Наконец-то я в Схипхоле, снова… Повеяло чем-то родным и возникло ощущение «дежавю» — это уже было, было… Где же он?

Абель налетел как шторм, глаза в глаза — и мы без слов сжали друг друга в объятиях, не в силах оторваться.
— Какие чудные цветы!, — сказала я, а про себя подумала «Какие чудные глаза».
— Как я соскучился, darling!
Держась за руки, мы понеслись в бар пить кофе.

Как долго я его не видала! Я залюбовалась… Все, за что бы он ни взялся, выглядело неизменно элегантно — уверенные, пластичные движения, прямой взгляд. Чисто выбрит, но виски отросли и нелепо торчат, рубашка неглаженая… да еще этот химический запах от одежды, запертой в непроветриваемом шкафу — запах одинокого мужчины. Неухоженный вид при его педантичной аккуратности уколол сердце. Новая складка на лбу. Порой мне казалось, что я вижу этого мужчину впервые, а в целом это мой, довольно узнаваемый муж. Вне аэропорта стояла ночь, и у нее был запах другого, но тоже моего мира. Мой мужчина был его частью, и мне было уютно и спокойно в нем.

Когда мы съехали на хайвэй, трескотня наших разговоров улеглась. Уверенные большие руки так умело управляют машиной, я всегда любила это ощущение надежности, которому хотелось доверять, к тому же это так сексуально. Было уже поздно. Я на минуту расслабилась, закрыв глаза и мои мысли унеслись куда-то в прошлое.

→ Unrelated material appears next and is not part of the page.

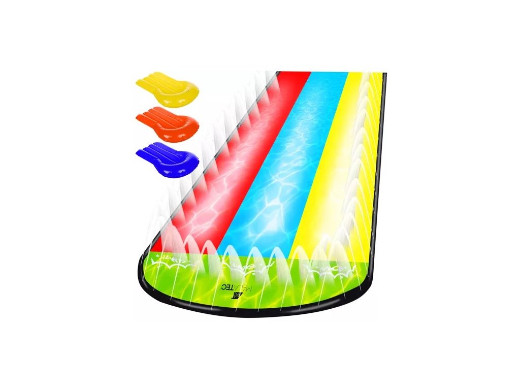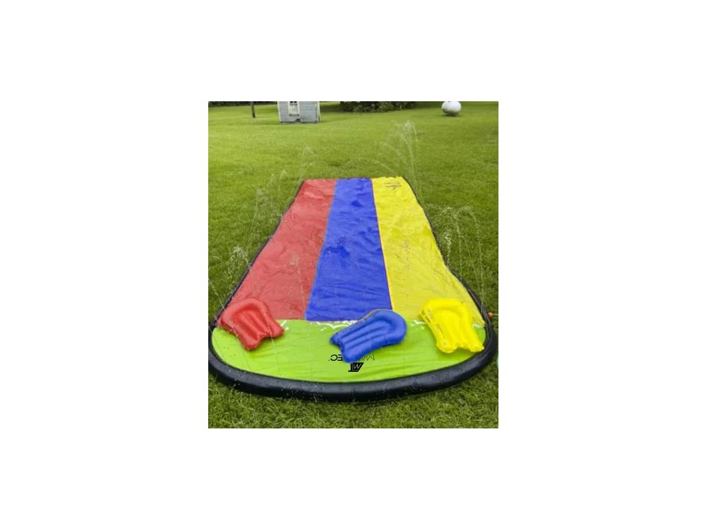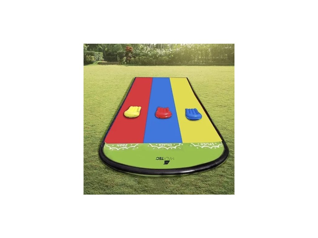TRIPLE WATER SIDE - felfújható deszkákkal kombinálva a nyári szabadtéri játékok határozott kedvence. A csúszdának három pályája van, melynek hossza akár 4 méter. A csúszda öntözött. A csúszdában elhelyezett csatlakozókra egy kerti tömlő csatlakoztatása után a csúszda széleit feltöltik és vízzel permetezik, ami biztosítja a sima csúszást túlzott súrlódás nélkül.

Так уже было, было тогда, в декабре 99-го. Мы со Славой вернулись в Голландию, прихватив с собой 40 килограммов скарба, но кота Марсика оставили, как будто он был причиной того, что у нас не получалось ужиться. Сын ни в какую не хотел ехать без своего кота, но я приложила все силы, чтоб убедить его, приведя убийственный аргумент, «А ты не боишься, что он не переживет тяжелой дороги еще раз?» С обреченным видом, Славка только хлюпал носом — ничего не поделаешь..

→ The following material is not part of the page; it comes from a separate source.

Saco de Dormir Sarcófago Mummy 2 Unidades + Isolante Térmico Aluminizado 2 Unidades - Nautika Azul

Через неделю наступало Рождество, и этот прекрасный мир блистал, переливался и звенел как некая невиданная нами доселе диковина. Какая я была суеверная тогда! Мне казалось, что если мы встретим новое Тысячелетие вместе, загадав одно желание на троих, оно обязательно сбудется. Желание было одно: устрой все, Господи!

В тот Новый год я впервые наряжала голландскую елку. Мы приготовили друг другу милые подарки, перевязав их разноцветными бантами, накрыли стол праздничной новогодней скатертью и зажгли свечи: повсюду на каждом столике, полочке и окне нашего дома горел маленький огонек.

Воспоминания прерывает резкий аккорд, и гармония куда-то исчезает, потому что вместо пожеланий и поздравлений в момент наступления нового тысячелетия мой муж высказывал какие-то обидно-наставительные, совершенно неуместные слова. Французское шампанское показалось горьким, а салаты — тяжелыми и безвкусными. На улицу вышли соседи, каждому хотелось зажечь свой оригинальный фейерверк. Восклицания, свист ракет и взрывающихся ежесекундно петард. Я держала улыбку, несмотря ни на что, во имя нового Тысячелетия. Гладила по голове сына, восторженно глазевшего на это великолепие (ведь мальчишкам так нравится вся эта оглушающая пиротехника!) и тихо радовалась за него. А сердце уже заволокло печалью, предвестницей тоски…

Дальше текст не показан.